Talk! Talk to her about how you feel and how she feels. Explain the situation. If that doesn't sort things out, for either of you, then the relationship isn't going to work.

It makes absolutely no difference what a load of internet randomers think.

Colom · 20/06/2020 20:24

I would dump you if I were her (assuming you're the original poster).

Couldn't be arsed dealing with a man who keeps a gaggle of "female" friends around to stroke his ego. If my DH messaged other women as frequently as that I would not be happy and would tell him how uncomfortable it made me. if on receiving that information he didn't ease off on the constant texting I'd be giving him the heave ho. I've never been cheated on (to my knowledge anyway!) and my DH has female friends but since we've been married/had DC their contact is sporadic not regular, how it should be!

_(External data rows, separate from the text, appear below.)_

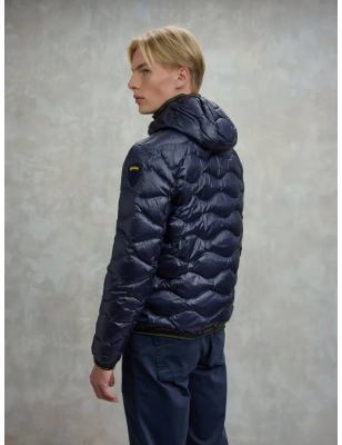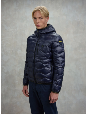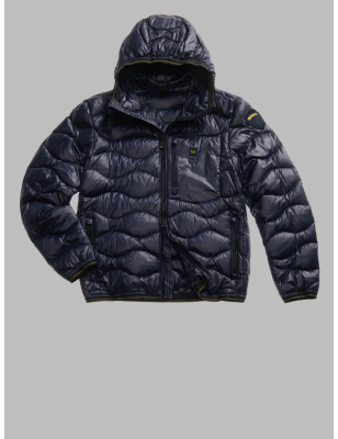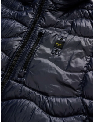 Piumino trapuntato ad onde orizzontali. Taschina applicata sul petto a sinistra per donare al capo iconico Blauer un tocco più funzionale. Imbottitura naturale in piuma, calda e non ingombrante; dedicato a chi vuole essere sempre alla moda in ogni occasione. • Cappuccio fisso • Foderato in tono • Imbottito piuma 90/10 gr.165 • Chiusura con zip • Copri cursore sul collo • Tasche con zip • Taschino con zip sul petto • Elastico rigato sul profilo del cappuccio, polsino e fondo. • Tasche interne doppie: aperte e con velcro • Patch e passante con logo.
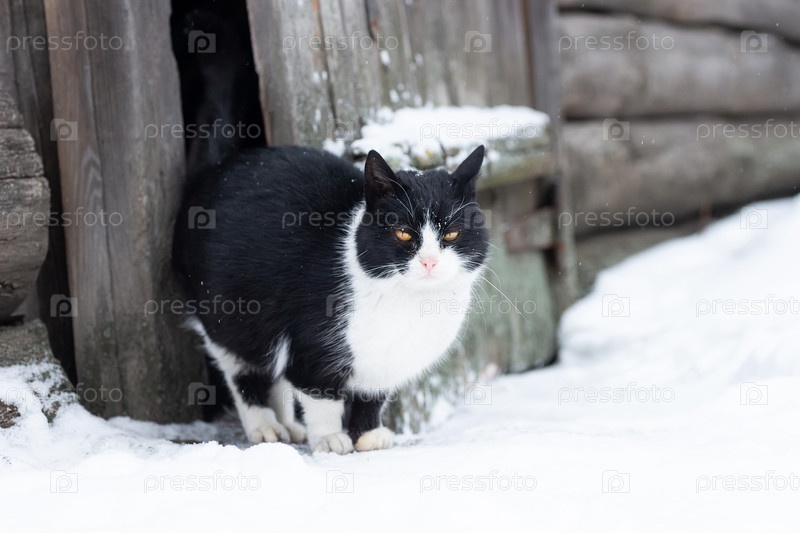 Пушистый серый кот на снегу
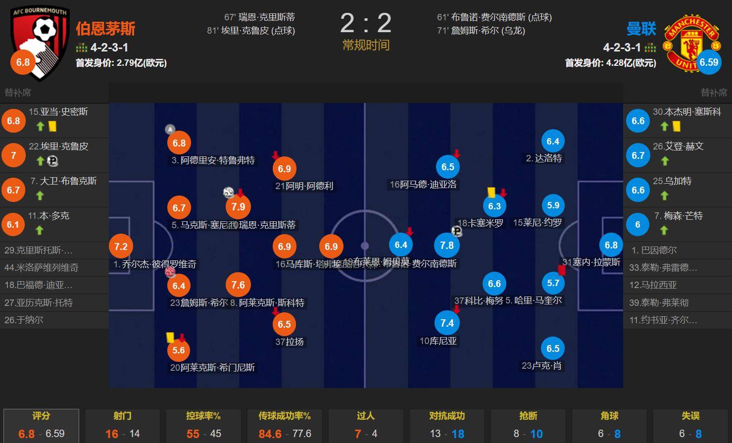 ในเกมทั้งหมด อัตราการครองบอลของบอร์นมัธอยู่ที่ 55% และมีทั้งหมด 16 นัด มากกว่าแมนเชสเตอร์ ยูไนเต็ด 2 ครั้ง และทั้งสองฝ่ายอยู่ในเป้าหมาย ข้อพิพาทและโทษของผู้ตัดสินทำให้เกิดการโต้เถียง แต่ทั้งสองฝ่ายเล่นได้ดีเสมอกัน
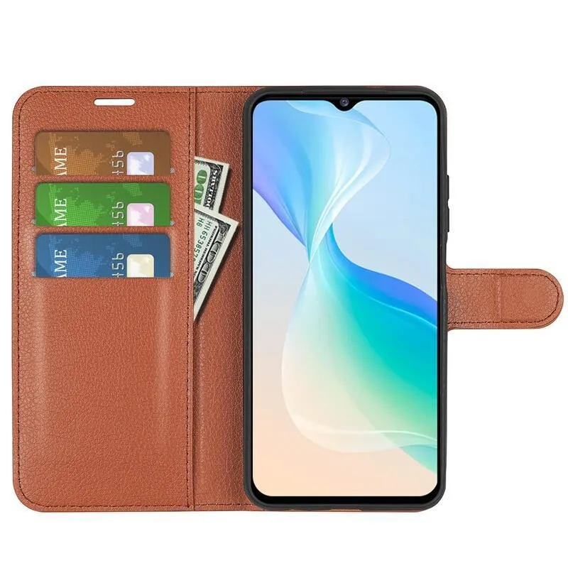 Litchi barna könyv tok a Vivo Y76 5G/Y76s számára
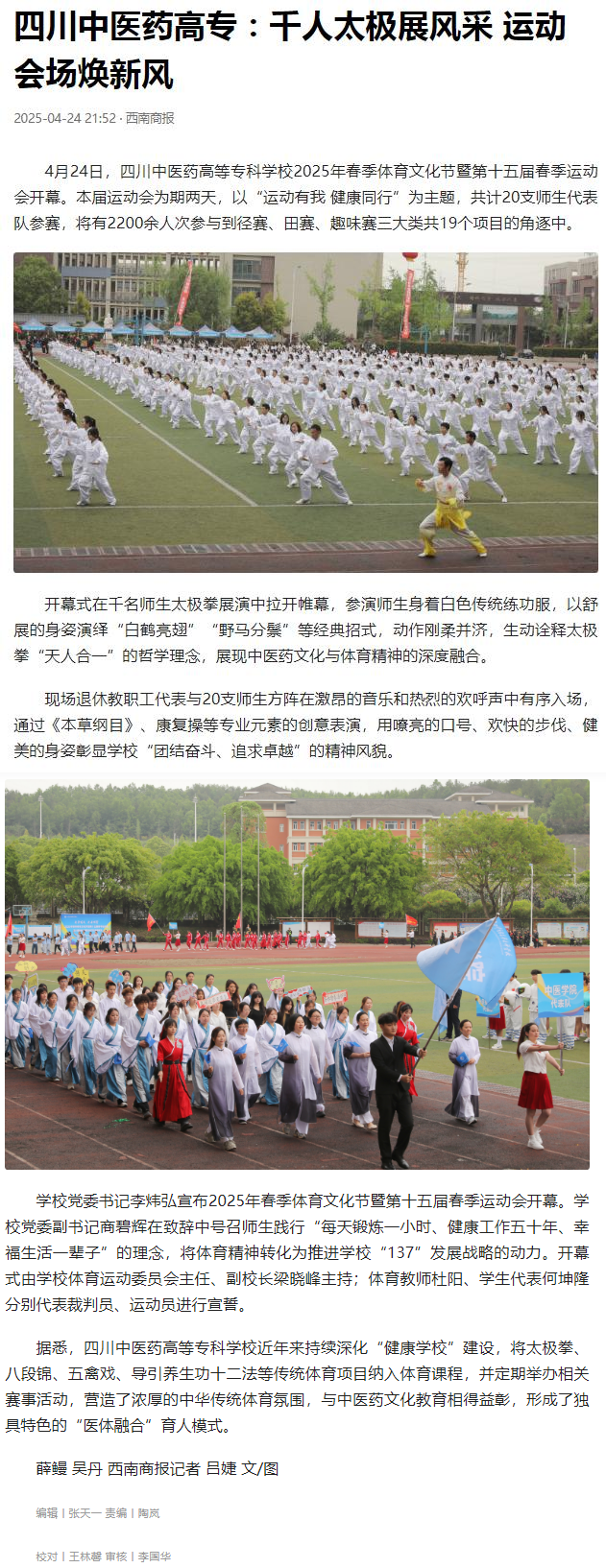 西南商报:四川中医药高专:千人太极展风采 运动会场焕新风

Shuttup · 20/06/2020 22:28

This reply has been deleted

Message withdrawn at poster's request.

Fairenuff · 21/06/2020 11:30

I found it easily by googling the first line of the OP. It's not as if it's hard to find.

PotholeParadise · 21/06/2020 11:43

I imagine half the people on this thread assumed it was going to be from PH. I certainly did.

FlibbertyGiblets · 21/06/2020 11:47

Yes I found it on PH, no need for hurt secret squirrel feelings.

OP we don't like issues being dragged around boards so I am hoping you'll take the hint and trot off with your talk of jealous females. Tah-rah Smile

PotholeParadise · 21/06/2020 11:55

Anyway, don't knock PH. I think it's great that they've gained a more diverse membership.

Question asked by a man on another website - what do we think?
Wearywithteens · 21/06/2020 12:13

This reply has been withdrawn

This has been withdrawn at the poster's request.

CandidaAlbicans2 · 21/06/2020 12:54

ConfusedMartian, I have to agree with the posters on Pistol Heads. Although your GF obviously has some issues, I think the main problem here is your behaviour. Although I’m not really the jealous type, even I would question why a BF of mine felt the need to keep in touch with his attractive female friends so often. I also wouldn’t be impressed if a BF had started such regular texting with one during the early stages of our relationship. I’d probably wonder whether I was “enough” for him. That’s not to say being in touch with other women is a no-no, just the frequency seems odd to me. Why the need to contact them so much, and who instigates it?

How would you feel if she was in the same regular contact with a couple of hot men, especially one that she met since you’ve been together? Be honest now, ignore the rational and think about the emotions.

The messages from PHs sum up what I think:
“5-10 messages a month would be more than enough; why do you need to check up on them so often? I'm not saying your girlfriend isn't slightly neurotic but you're not helping”

“5-10 messages every other day just to ask how the other's week is going, how are the kids etc. and as the OP puts it "generally not conversational", is in fact far worse than having an actual conversation about a specific topic!”